Oct 10 (Reuters) – Gold prices extended gains on Thursday after traders added to bets that the Federal Reserve will deliver an interest-rate cut next month following the latest U.S. economic data.
Spot gold was up 0.6% at $2,623.58 per ounce as of 1:59 p.m. ET (1759 GMT), on track to snap a six-session losing streak.
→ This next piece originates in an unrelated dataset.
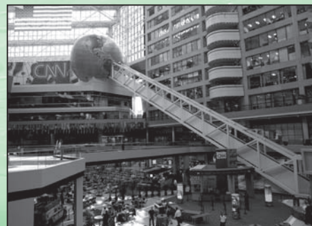
(Above) The CNN Center, Atlanta

Spouses Program - Two of Atlanta's Top Interior Designers have been engaged to prepare a custom presentation for the event. Lectures and visual demonstrations will be supplemented by a visit to two of Atlanta's most interesting homes, followed by a luncheon at one of the most scenic settings in America. There will be a modest fee for this program and reservations must be accepted on a "first come" basis.

U.S. gold futures settled 0.5% higher to $2,639.30.
The CPI report didn’t bring much of a surprise and the jobs numbers show a trend of weakening, which puts the notion that the Fed is on track to cut rates, helping gold, said Alex Ebkarian, chief operating officer at Allegiance Gold.
“Last few days, saw cooling in gold’s rally, so it is in a good position to go back up,” Ebkarian added.
Markets now see an 80% likelihood of a 25-basis-point cut from the Fed next month versus 76% before the data, according to the CME FedWatch tool.
Zero-yield bullion is a preferred investment amid lower interest rates.
Investors’ focus will shift to U.S. Producer Price Index data on Friday for additional insights on rate cuts.
Heightened geopolitical events and strong demand led by central banks are the other positive catalysts for gold, Ebkarian added.
Spot silver rose 1.7% to $31.02 per ounce.
“Easing monetary policy and an undersupplied market will likely attract investor interest, with silver remaining an inexpensive alternative to gold,” ANZ said in a note.
Platinum added 2.4% to $967.17, and palladium was up 3% to $1,070.50.